Ансар
«А это Ксана, моя дочь. Узнал? Стала совсем взрослой. Я без нее… как без рук. Услада моих глаз, рахат-лукум моего сердца!»
Почему-то именно сейчас эти слова вспыхивают в памяти.
Так же, как вспыхивает боль от удара дубинкой по голове.
Одновременно с этим мирный, в общем-то дружелюбный Бас бросается на обидчика.
Дурачок, а ты-то куда лезешь? В этот момент я больше переживаю не за себя, получающего удары дубинками по голове и телу, но за то, как мощно подсекают по грудине моего пса. Его вой отдает по моим барабанным перепонкам.
Я успеваю заметить, как в глазах Родиона вспыхивает мучительное сожаление.
Словно ему искренне жаль нашей многолетней дружбы.
Но лишь на миг…
Отцовского возмущения и гнева, ярости гораздо больше.
Я запоздало понимаю, что он не лгал, что дочь для него, действительно, рахат-лукум его сердца, а я… Наверное, в какой-то момент я даже это своей циничной шкурой обесценил и подверг сомнениям ценность этих связей.
Догоняю сейчас, позднее, когда все уже летит в тартарары, и Ксана прячется в объятьях отца…
Проснись я на несколько минут раньше, мог бы это предотвратить.
Но теперь я в эпицентре пиздеца и погрома…
И это только начало моих глобальных проблем.
Ксана
— Ты, главное, не переживай сейчас. Папа все сделает. Иди ко мне… Так… Вот, водички выпей…
Папа обнимает меня, гладит по волосам, целует.
Я плачу от облегчения: потому что было очень тяжело столько лет его обманывать и, в особенности, обманывать в последнее время. Я не привыкла, что между нами есть секреты.

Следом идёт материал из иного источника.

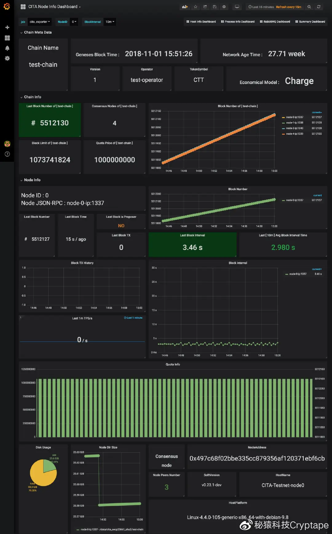 节点出块高度历史、出块时间、出块间隔趋势、Quota、交易量历史、TPS、磁盘占用比例、数据目录大小增长趋势
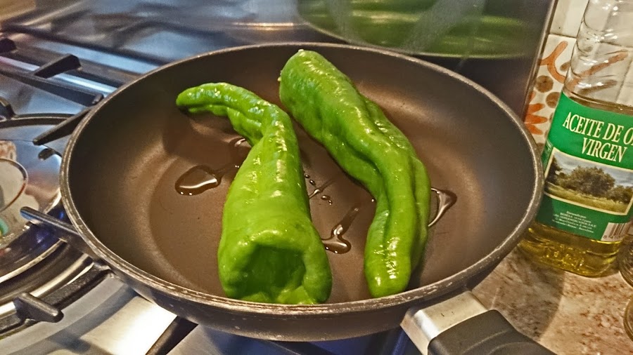 Pasamos los pimientos ya lavados por la sartén para dorarlos un poco.

Плачу от облегчения, что грязная тайна больше надо мной не довлеет, но папа, кажется, расценил мои слезы несколько иначе.
— Он тебя обидел?
Взгляд останавливается на моей шее.
Отец отворачивается.
Я смотрю на свое отражение в зеркале заднего вида.
На шее синяк багровый…
Засос.
Нет…
ЗА-СО-СИ-ЩЕ!
И это не один такой… след…
Еще на ключицах. На груди… Ой, про бедра вообще молчу.
— Я сейчас.
Папа покидает салон машины и нервно ходит вокруг, курит. Рядом с ним осторожно останавливается кто-то.
Отец активно жестикулирует, потом начинает пинать колеса машины, стоящей рядом, хватает за грудки подчиненного и трясет его, орет.
Мне кажется, я даже вижу, как слюна каплями вылетает из его рта, как привстают на затылке короткие седые волосы.
От папы фонит бессильной, запоздалой яростью.
Оттолкнув мужчину, папа садится на корточки и буравит тяжелым взглядом асфальт.
Мне становится страшно. До икоты…
Боже, что я наделала? Что мы… наделали? На пару с Ансаром…
Два озабоченных чудовища!
Выбираюсь из машины, трясясь.
— Пап, пап… Папочка… Ты как? Со мной все хорошо, правда…
Обнимаю отца, он распаренный, от него валит во все стороны жар. Лицо потное, побагровело.
— Иди в машину. Иди… Сядь… Я сейчас все решу… — хрипит, обняв. — Тебе помогут. Я все улажу… Больше никто тебя не обидит, слышишь?
Ужасное утро.
Тяжелое…
Камень на сердце такой огромный, что вот-вот раздавит…
Как оказалось, слова «я сейчас все решу» мы с папой понимаем по-разному.
— Зачем это? — ежусь я.
— Так надо.
Ладно, я понимаю, сдать анализы крови.
На вещества!
Потому что я не помню очень много. Причем, точно уверена, что не пила до того, как не помню. Да, в целом, пила, память хаотично подсвечивает участки. Но… Не до такой же степени?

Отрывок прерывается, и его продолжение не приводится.